As you think about women’s ministry in your own context, I challenge you to broaden your scope. Don’t minister to women solely to benefit those in your immediate area of influence. Dream bigger. Our churches need to be hubs for sending women out into the community and the larger world with the transformative message of the Gospel. Women all over the world are aching for it. The brightness of its message will surely sparkle in the darkness. The women are ripe for harvest! So go and reap. Millions of women are walking a step and a half behind their husbands, but God wants to hold them in His arms. We need to tell that love story.

4 Comments

  • Ritika says:

    Hi Sharon,

    I just wanted to let you know that I sent a reply through the “Contact” part of the web site and I don’t think it followed through to you. It just posted on the website publicly. I think there may be a glitch in that area.

    Thank you!

  • Nina says:

    Sharon,
    Do you find that these women are receptive to receiving these truths? I am curious how you approach women with Captivating-type lessons to those who have been so devalued for most of their lives? Any suggestions?

  • Sharon says:

    You know that’s a really good question, Nina. I think that someone who has done ministry more regularly in a Muslim culture would be best to answer that, so if any of my readers in that part of the world cares to comment, please do!

    I CAN say that when I was in Africa (specifically, Cameroon) doing AIDS education, I tried to emphasize the message of God’s extravagant love to the women in the audience. I explained that God created them for a purpose and treasured them dearly, so they didn’t need to fill that need for love by having promiscuous sex with men, which subsequently made them more vulnerable to STD’s. The message was very well received. I can’t speak for the entire continent of Africa, of course, but I was surprised by how enthusiastically the women there accepted the message.

  • Sharon says:

    A friend of mine serving overseas asked me to post her thoughts since she has bad internet and wasn’t able to herself. I think she offers some great insights!…

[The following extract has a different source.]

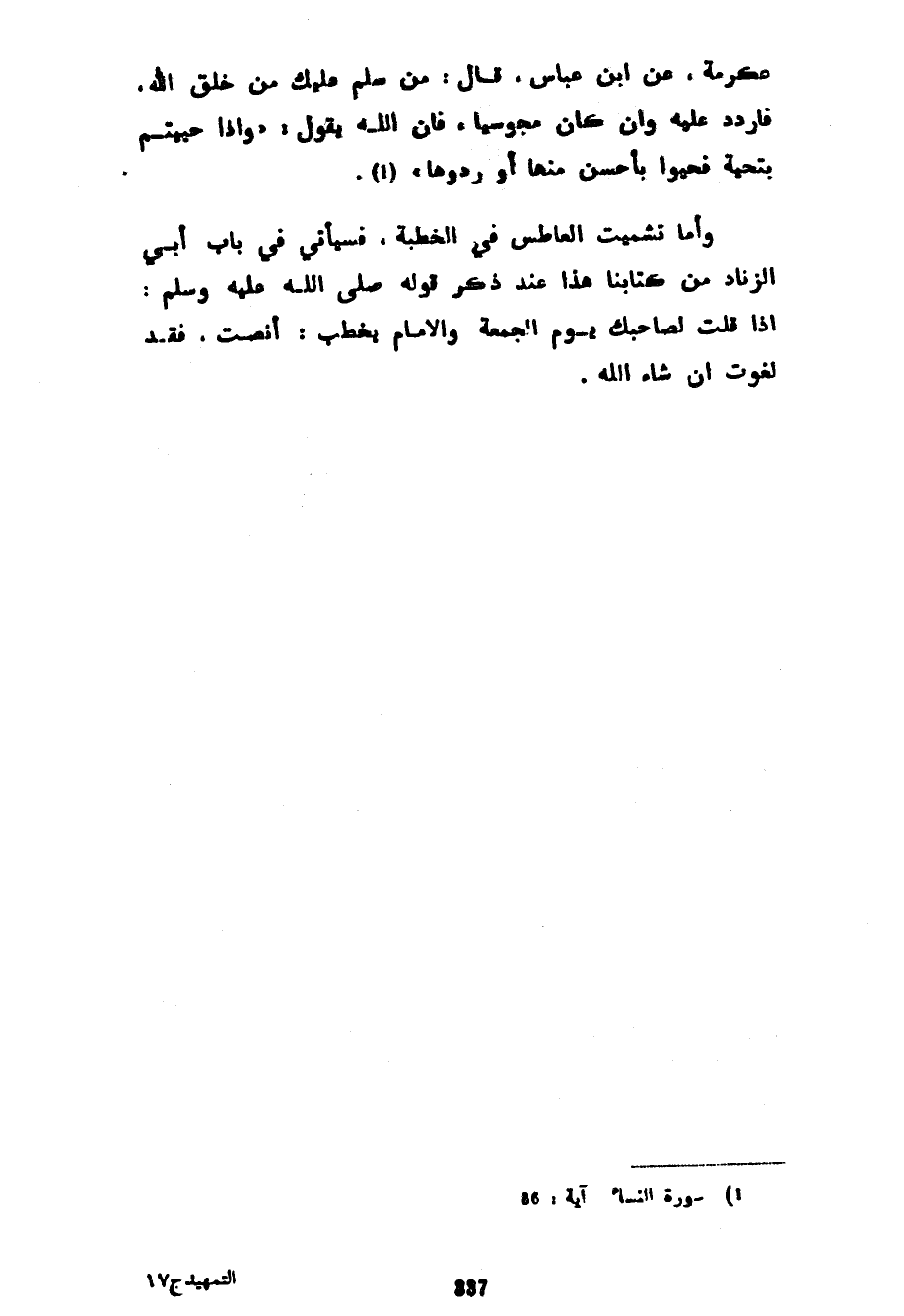عِكْرِمَةَ عَنِ ابْنِ عَبَّاسٍ قَالَ مَنْ سَلَّمَ عَلَيْكَ مِنْ خَلْقِ اللَّهِ فَارْدُدْ عَلَيْهِ وَإِنْ كَانَ مَجُوسِيًّا فَإِنَّ اللَّهَ يَقُولُ وَإِذَا حُيِّيتُمْ بِتَحِيَّةٍ فَحَيُّوا بِأَحْسَنَ مِنْهَا أَوْ رُدُّوهَا وَأَمَّا تَشْمِيتُ الْعَاطِسِ فِي الْخُطْبَةِ فَسَيَأْتِي فِي بَابِ أَبِي الزِّنَادِ مِنْ كِتَابِنَا هَذَا عِنْدَ ذِكْرِ قَوْلِهِ صَلَّى اللَّهُ عَلَيْهِ وَسَلَّمَ إِذَا قُلْتَ لِصَاحِبِكَ يَوْمَ الْجُمُعَةِ وَالْإِمَامُ يَخْطُبُ أَنْصِتْ فَقَدْ لَغَوْتَ إِنْ شَاءَ اللَّهُ

    I think you are absolutely right that this idea is at the heart of reaching Muslim women – actually all women. The point is that the very nature of the Christian God is different from the concept they have in Islam. He is a God that cares about women and would pursue them. A God who cares about the individual is absolutely radical and speaks right to the heart of not only these women, but all women coming to know the Lord. The difference for these women is that they don’t have a context for understanding what romance is at all. It’s through learning who He is that they begin to understand what a truly good marriage and father should look like. One of the things that truly reaches women and even men in this context is seeing a Christian pray. And what they are touched by is the intimacy of it – that we are talking to God like a father, a friend – someone who cares whether their kid lives, their husband leaves them, or just if they are happy. That we have a God who would think us valuable enough to listen to us and let us sway His actions through our prayers is absolutely radical to a woman who is taught that her only value is in producing children. But, though this message is radical and life-changing to a few, it’s difficult to understand for most. How do you overcome the lies you’ve been told your whole life? How does one person telling you about a God who loves you affect your mind after hearing your whole life that God wants you to be locked away in case you tempt a man? The message is true and wonderful and healing, but it’s being received slowly. Statistically, it takes at least 7 times of hearing the Gospel before a Muslim even begins listening. And the women are hard to reach because they are locked away and kept in “check” all the time by their society. It’s hard work, but yes, I think this is the message that these women are absolutely craving.

    Sorry I couldn’t post it myself!